** Opening Information given block **
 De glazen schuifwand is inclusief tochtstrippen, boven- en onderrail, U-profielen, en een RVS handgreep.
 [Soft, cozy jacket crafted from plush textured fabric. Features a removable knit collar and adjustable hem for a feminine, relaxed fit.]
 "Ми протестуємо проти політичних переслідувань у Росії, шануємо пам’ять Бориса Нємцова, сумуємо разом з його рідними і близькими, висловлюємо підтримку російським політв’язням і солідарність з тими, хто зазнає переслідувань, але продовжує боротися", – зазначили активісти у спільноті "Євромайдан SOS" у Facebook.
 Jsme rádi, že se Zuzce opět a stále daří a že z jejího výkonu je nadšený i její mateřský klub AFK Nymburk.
** Closing Information given block **
** Opening Information given block **
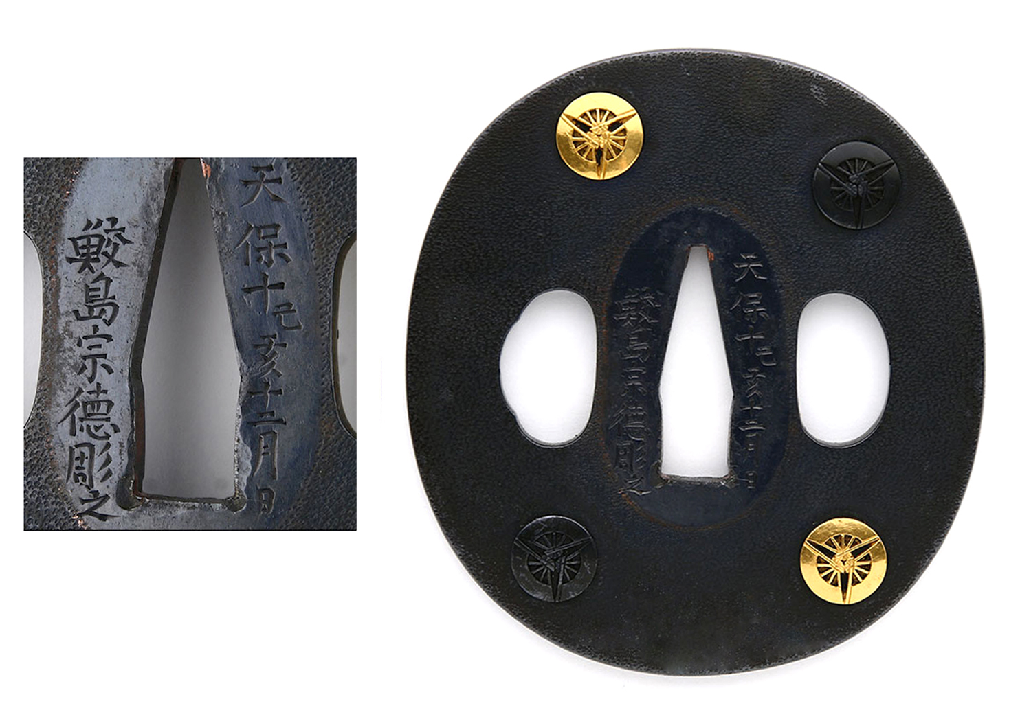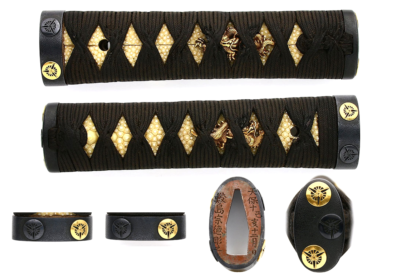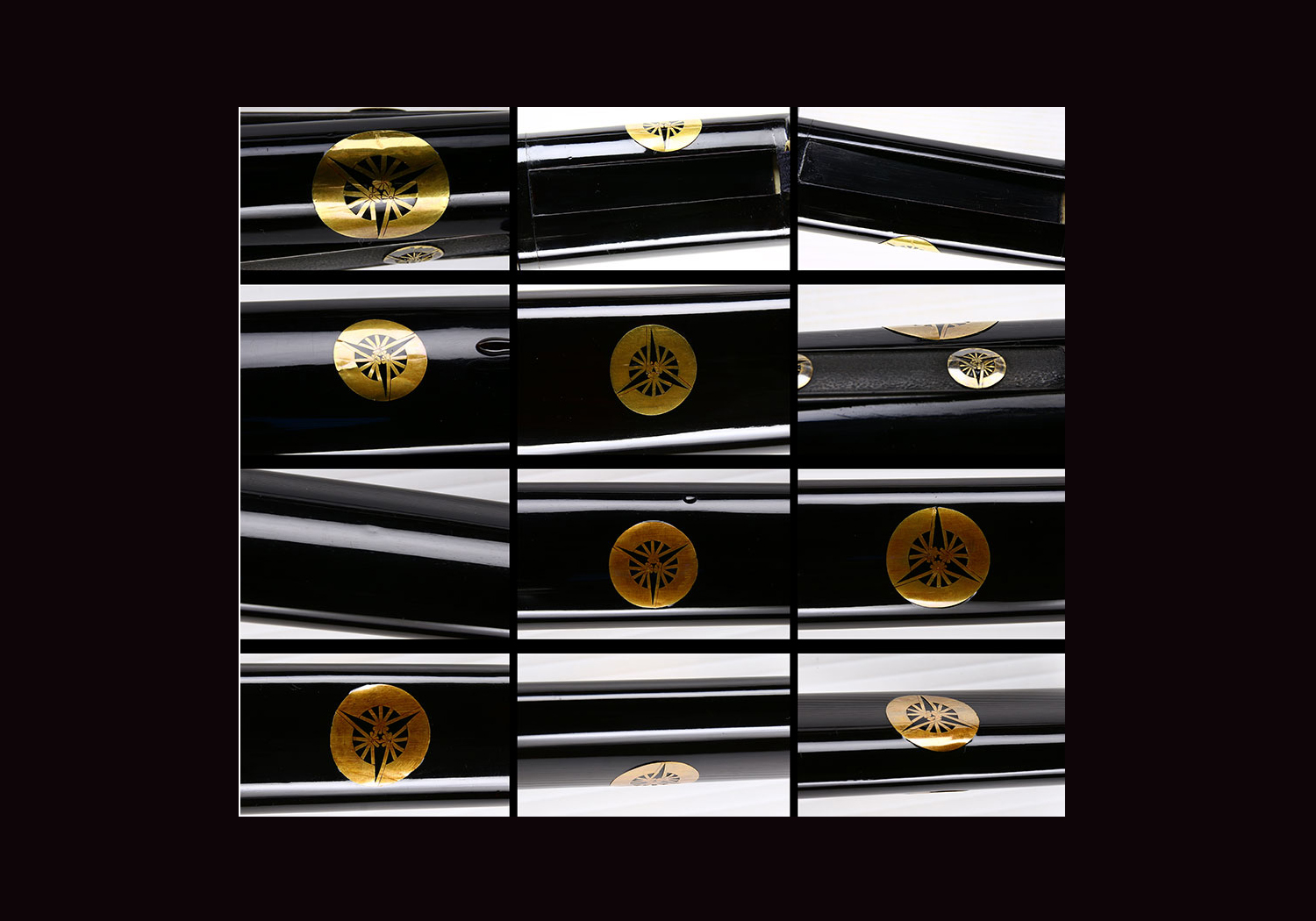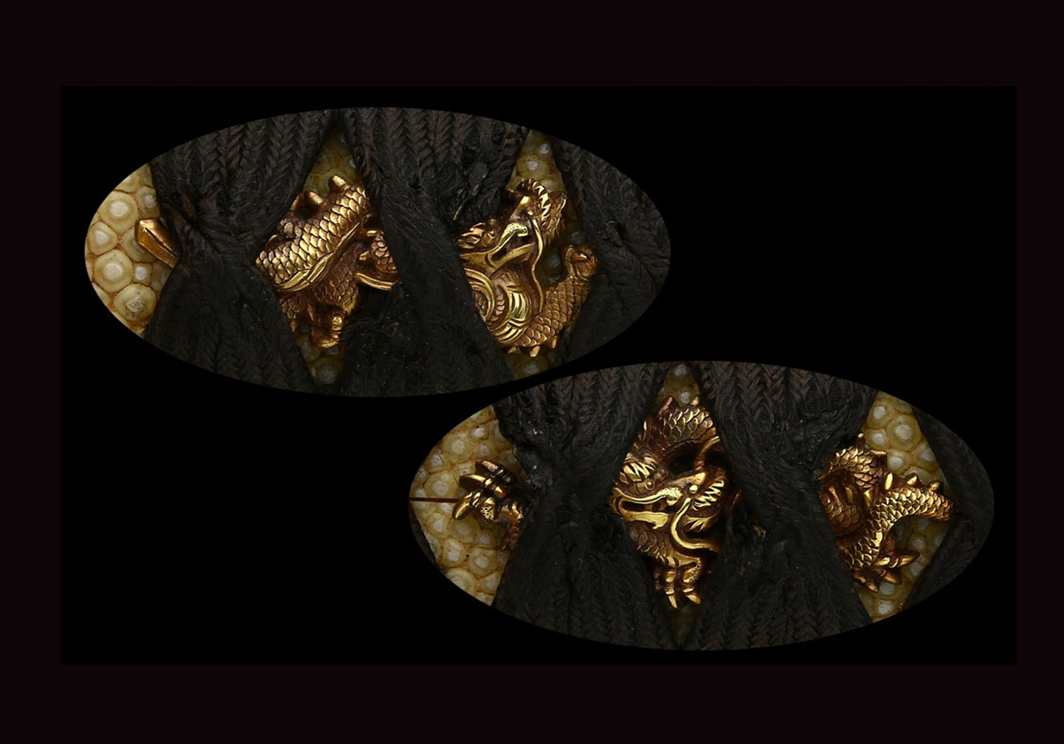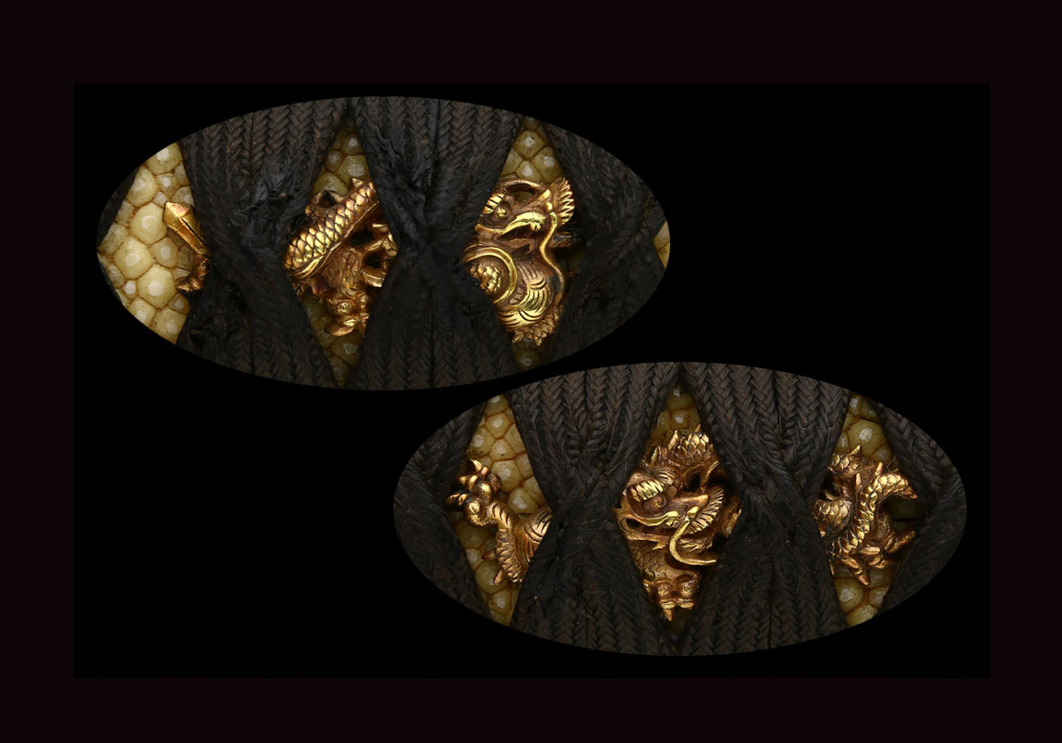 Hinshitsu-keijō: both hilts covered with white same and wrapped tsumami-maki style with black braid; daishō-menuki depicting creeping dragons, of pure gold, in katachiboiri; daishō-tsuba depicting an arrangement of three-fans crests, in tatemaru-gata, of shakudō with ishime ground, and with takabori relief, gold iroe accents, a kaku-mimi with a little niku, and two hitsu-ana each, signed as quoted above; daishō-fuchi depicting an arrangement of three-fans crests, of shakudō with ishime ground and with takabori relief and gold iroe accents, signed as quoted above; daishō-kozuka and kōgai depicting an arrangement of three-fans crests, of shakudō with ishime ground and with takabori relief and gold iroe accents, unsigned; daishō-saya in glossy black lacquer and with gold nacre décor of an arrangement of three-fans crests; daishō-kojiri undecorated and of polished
** Closing Information given block **
** Opening Information given block **
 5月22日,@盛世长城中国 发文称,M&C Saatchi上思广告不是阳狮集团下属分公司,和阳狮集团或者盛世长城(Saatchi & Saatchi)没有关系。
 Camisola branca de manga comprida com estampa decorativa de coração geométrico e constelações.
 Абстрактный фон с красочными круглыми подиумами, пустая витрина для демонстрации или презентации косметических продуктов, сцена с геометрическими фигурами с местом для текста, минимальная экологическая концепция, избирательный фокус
** Closing Information given block **
◆ **Work task**
Look through the entries above and quote exactly the lines from the line with "5月22日,@盛世长城中国 发文称,M&C Saatchi上思广告不是阳狮集团下属分公司,和阳狮集团或者盛世长城(Saatchi" to the line with "Абстрактный фон с", counting both of those lines.

◆ **Response box**
 5月22日,@盛世长城中国 发文称,M&C Saatchi上思广告不是阳狮集团下属分公司,和阳狮集团或者盛世长城(Saatchi & Saatchi)没有关系。
 Camisola branca de manga comprida com estampa decorativa de coração geométrico e constelações.
 Абстрактный фон с красочными круглыми подиумами, пустая витрина для демонстрации или презентации косметических продуктов, сцена с геометрическими фигурами с местом для текста, минимальная экологическая концепция, избирательный фокус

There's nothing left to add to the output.